Kinesis and Firehose

  • Kinesis: scalabale and resilient streaming service for AWS. It is designed to ingest large amounts of data from hundreds, thousands, or even millions of producers. Usd for anaylitics

    • consumers can access a rolling windows of that data, or it can be stored in persistent storage of database products
    • process Real Time data, and store it
  • Use Kinesis instead of SQS

    • you need many producers and many consumers

    • rolling window of data

    • independency for reading the same data window (queue does not allow that)

          graph LR
      A[Producers]
      B[Kinesis essentials]
      C[Kinesis Data Firehose]
      
      subgraph consumers
        D[instances]
        E[lambda]
      end
      
      A --> B;
      B --> C;
      B --> D;
      B --> E;
  • Kinesis essentials

    • Kinesis Stream
      • can be usd to collect, process and analyze a large amount of incoming data
      • public service accessible from inside VPCs or from the Internet by an unlimited number of producers
      • include storage for all incoming data with a 24 hour default window, which can be increased to 7 days for an additional charge
      • data records are added by producers and read by consumers
    • Kinesis Shard
      • added to streams to allow to allow them to scale
      • a stream starts with at least 1 shard, whihc allows 1 MiB of ingestion and 2 MiB of consumption
      • shards can be added or removed from streams
    • Kinesis Data Record
      • basic entity written to and read from Kinesis streams, data record can be up to 1 MB in size
  • Kinesis data firehose

    • accepts records from a data source, and persist them directly into S3, Redshift…
    • they can be trasformed before storing them, so you avoid using extra hardware

Redshift

  • Redshift: petabyte-scale data warehousing solution (target data storage). Long-time strategic

    • column-based database designed for analytical workloads

    • used for OLAP (column based databases, for retrieval and analytics)

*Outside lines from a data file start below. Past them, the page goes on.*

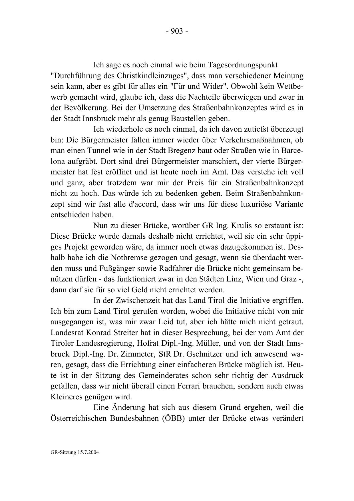 Tiroler Landesregierung, Hofrat Dipl.-Ing. Müller, und von der Stadt Innsbruck Dipl.-Ing. Dr. Zimmeter, StR Dr. Gschnitzer und ich anwesend waren, gesagt, dass die Errichtung einer einfacheren Brücke möglich ist. Heute ist in der Sitzung des Gemeinderates schon sehr richtig der Ausdruck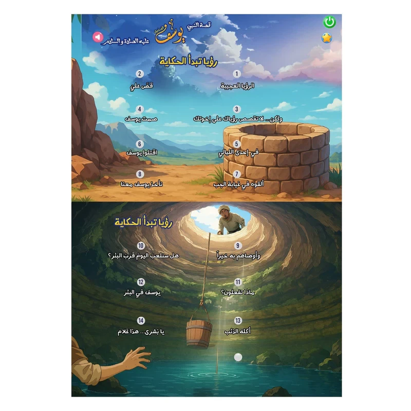 💛 قصة سيدنا يوسف… قصة أمل وصبر وثقة بالله، الآن بين يدي طفلك بطريقة تفاعلية لا تُنسى.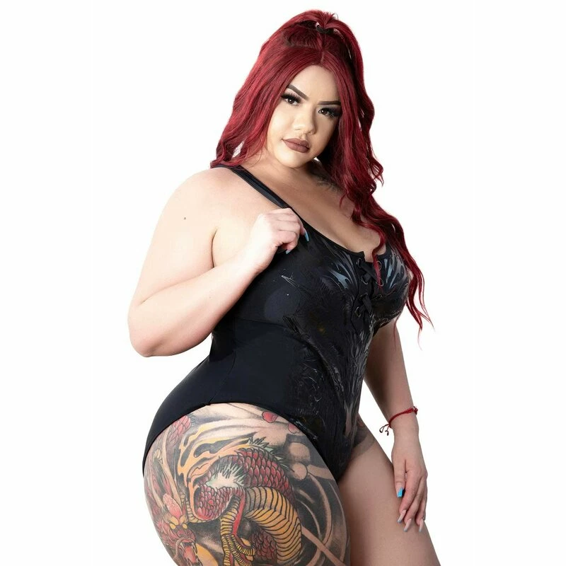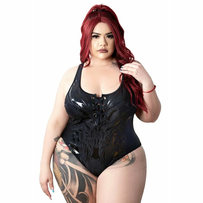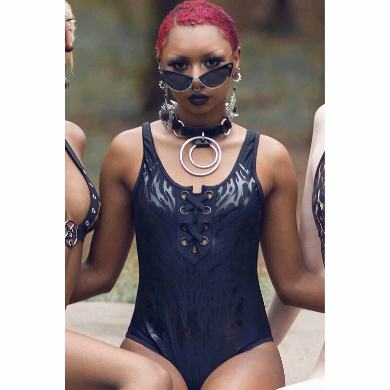 Ich schwimme einfach von der Negativität weg. Tschö! Killstars Depths Of Hell Badeanzug hat einen glänzenden Baphomet Print und eine Schnürung an der Vorderseite.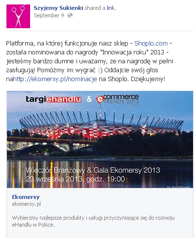 Ogólnie rzecz biorąc, byliśmy bardzo zadowoleni z zaangażowania zarówno naszych fanów jak i klientów w walkę o Ekomersa. Wielu z nich poczuło, że to także Oni są częścią konkursu, więc chętnie udostępniali informacje o naszym uczestnictwie, dopytywali o wyniki i wspierali nas swoimi głosami.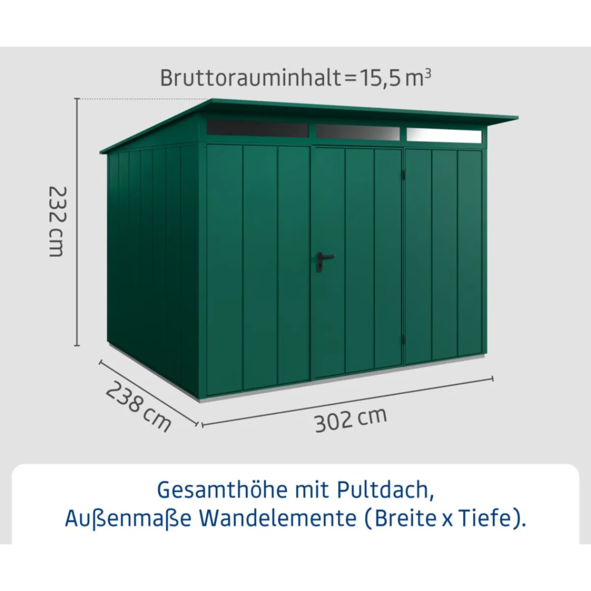 Gerätehaus Elegant-PTyp 3RAL6005 1 flg^EcoStar Clearance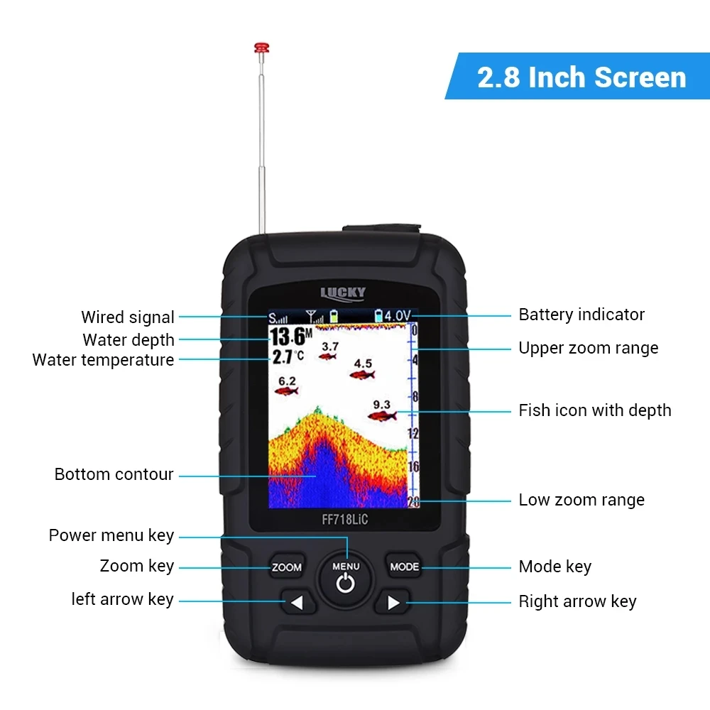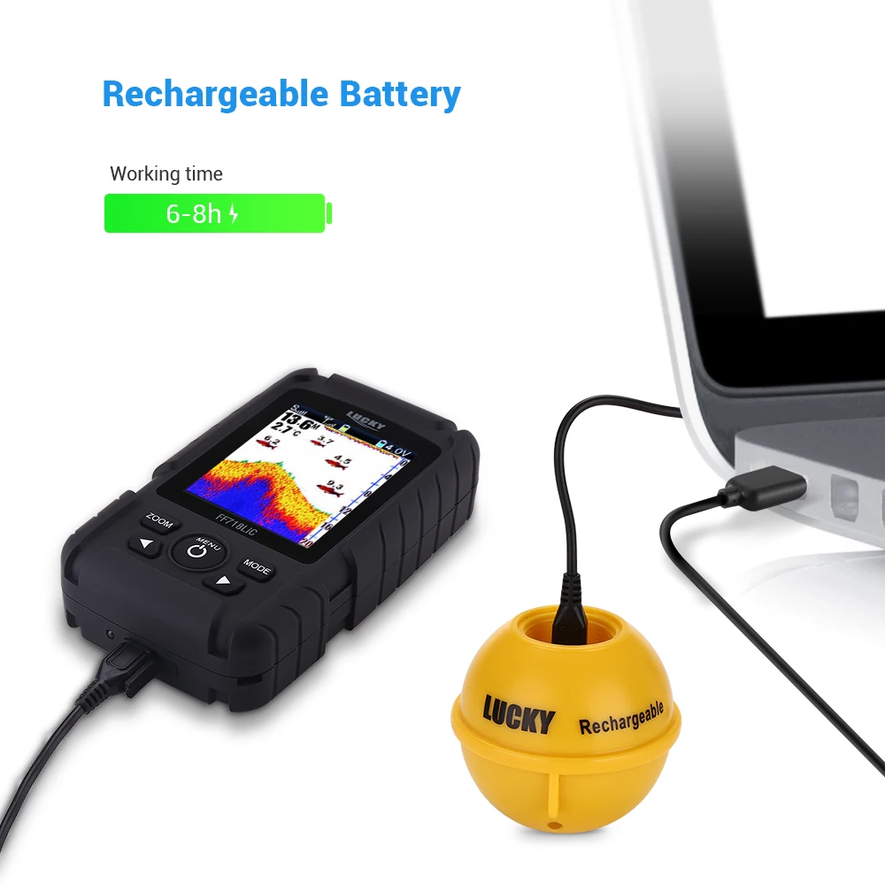 Особенности:С цветным дисплеемЭтот рыболокатор предназначен для ловли рыбы. Он может обнаруживать местоположение рыбы и размер рыбы как в пресной, так и в соленой воде и может использоваться в качестве зонда глубины.Глубина воды, температура воды, расположение рыбы, нижний контур может быть постоянно получен из водыВстроенный в память хранит гидролокатор, когда рыболокатор выключенБеспроводной датчик может выключиться, когда он выходит из водыПлавучий и водонепроницаемый гидролокатор.Описание:Портативный рыболокатор глубина водонепроницаемый рыболокаторГлубина воды, температура воды, расположение рыбы, нижний контур может быть постоянно получен из водыПользовательский выбор чувствительности, Зума, единиц измерения, дальность глубины, неглубокая сигнализация, значок рыбы, сигнализация рыбы и настройка скорости диаграммыСпецификация:Модель: FF718LiC-WМатериал: АБС-пластикЦвет: желтый и черныйТип: ЕС, Великобритания, СШАРазмер основного продукта: 125*70 ммРазмер датчика гидролокатора: 70*70 ммРазмер посылка: 14,7*8*9,5 смРыболокатор:Дисплей: 2,8 дюймовый цветной TFT ЖК-дисплей 240 × 320 (RGB)Подсветка: Вкл/Выкл Белый светодиодныйВарианты языка: английский/русскийРабочая температура: -14-122 °F (-10-50 °C)Мощность: 1*3,7 V перезаряжаемая литиевая батарея (все указанные аккумуляторы входят в комплект поставки)Напряжение зарядного устройства: 5 В 500 мАВремя работы: 10 часовДатчик гидролокатораУгол луча: 90 °Глубина Диапазон: 0,7-для использования на глубине до 45 м/2-145ftРабочая частота: 125 кГцРабочий диапазон: 200 мБеспроводная Частота: 433,92 МГцТребования к питанию: 1 * CR2032 (в комплекте)Время работы: 40 часовПосылка включает в себя:1 * рыболокатор1 * Беспроводной датчик гидролокатора1 * зарядное устройство1 * Автомобильное зарядное устройство1 * зарядный кабель1 * шейный ремешок1 * Руководство пользователя

    • multiple databases become source data to be injected into a data warehouse solution such as Redshift

    • Load and unload

      • from/to S3
      • backups can be performed to S3
      • various AWS services such as Kinesis can inject data into Redshift
          graph LR
      
      subgraph redshift
        A(Leader node)
        B[Compute node -slices]
        C[Compute node -slices]
      end
      
      D[S3]
      
      A --> B;
      A --> C;
      A -- data load --> D;
      D -- data unload --> A;
  • Components

    • Leader node: gets the question, send it
    • Compute node: distributed query
    • Slices: where the queries are actually executed

Logging and Monitoring

CloudWatch

  • CloudWatch: service that provides near real-time monitoring of AWS products (metrics repository)
    • you can import custon metric data in real-time from some AWS services and on-premises platforms
    • data retention is based on granularity
      • 1h metrics -> 455 days
      • 5m metrics -> 63 days
      • 1m metrics -> 15 days
    • metrics can be configured with alarms that can take actions
    • data can be presented as a dashboard
          graph LR
      
      A[AWS]
      B[custom on premises]
      
      subgraph CloudWatch
        C(metrics)
        D((alarm))
        E((dashboard))
      end
      
      F[SNS]
      G[AutoScaling]
      H[Client]
      
      A --> C;
      B --> C;
      C --> D;
      C --> E;
      D --> F;
      D --> G;
      E --> H;

Logs

  • CloudWatch logs: provides funcionality to store, monitor, access logs from multiple systems. What happened?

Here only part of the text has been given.